Alphabet, the parent company of Google, has had a dominant force in the online search market for many years. Recently, however, OpenAI’s ChatGPT has gained adoption which has become a cause for concern among some investors. Alphabet’s stock has seen an 19% increase this year spurred by the rebound in technology stocks, and yet it has had several drops when news of a potential competitor circulated. For example, last Monday the stock dropped 4% when Samsung Electronics suggested to replace Google as its default search engine. Similarly, last February, Alphabet lost 12% on the reveal of Google’s in-house chatbot, Bard, which failed to improve accuracy.

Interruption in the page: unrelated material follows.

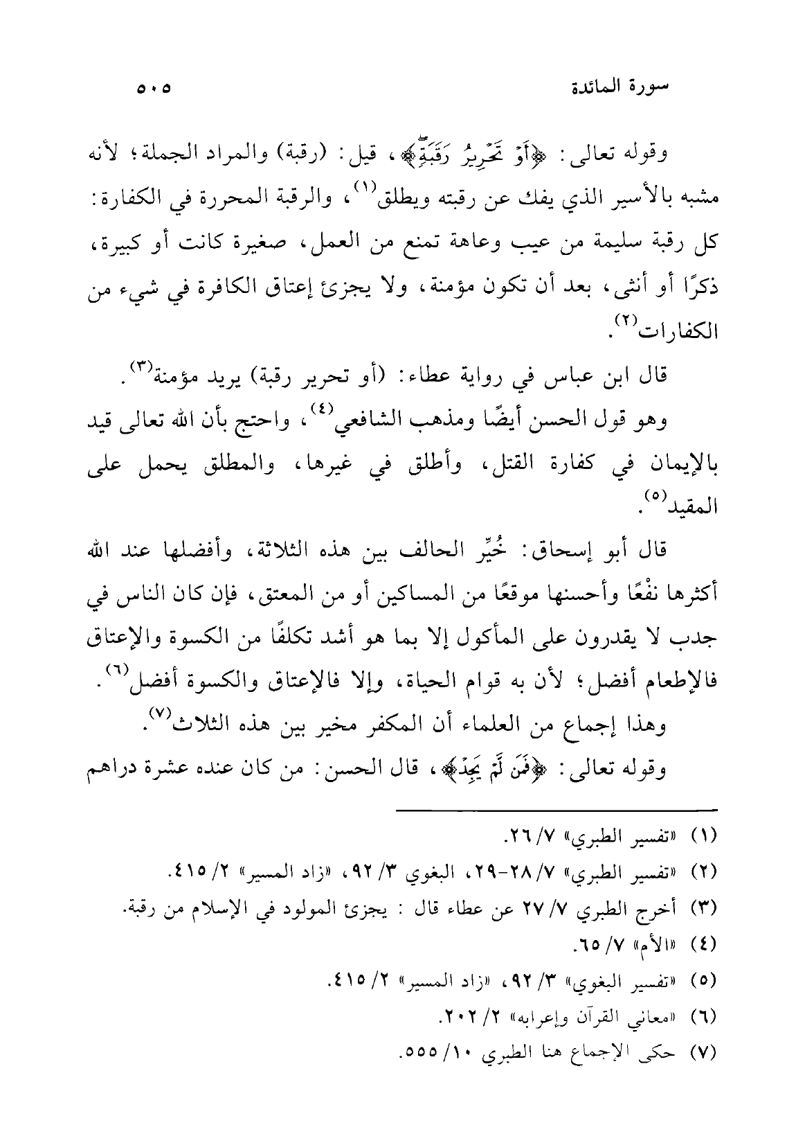 (¬6) "الأم" 7/ 66، والبغوي 3/ 93، و"زاد المسير" 2/ 415، وابن كثير 2/ 103.

With nearly 85% of the worldwide search market, according to Statista data, there is a lot to lose and only a few companies, such as Microsoft with 8.9% of the search market, stand to gain. To combat the chatbot menace, Alphabet recently consoliadted its artificial intelligence research units into one, in a move to foster progress in AI according to CEO, Sundar Pichai.
Alphabet’s search business alone earned revenue of more than $160 billion last year, which is 57% of total revenue according to Bloomberg data. In contrast, Microsoft’s search advertising only consists of 5.8% of 2022 revenue.
Investors are worried that, with those numbers in sight, Google may have to battle for market share, which could be costly. Despite the uncertainty, most analysts believe Google is well-positioned for the long-run with a low valuation of 18 times estimated earnings, compared to Apple, Amazon and Microsoft.
CEO Sundar Pichai has been with Alphabet since the very beginning, when Google was in its early stages. He has been a driving force behind the success of Google, from developing products and services to leading change initiatives. He notably steered the $12.5 billion purchase of Motorola Mobility Holdings in 2011, and launched an early access platform for mobile developers in 2016. He is continuously steering Google’s reinvention as a tech leader, and impacts the way we interact with technology.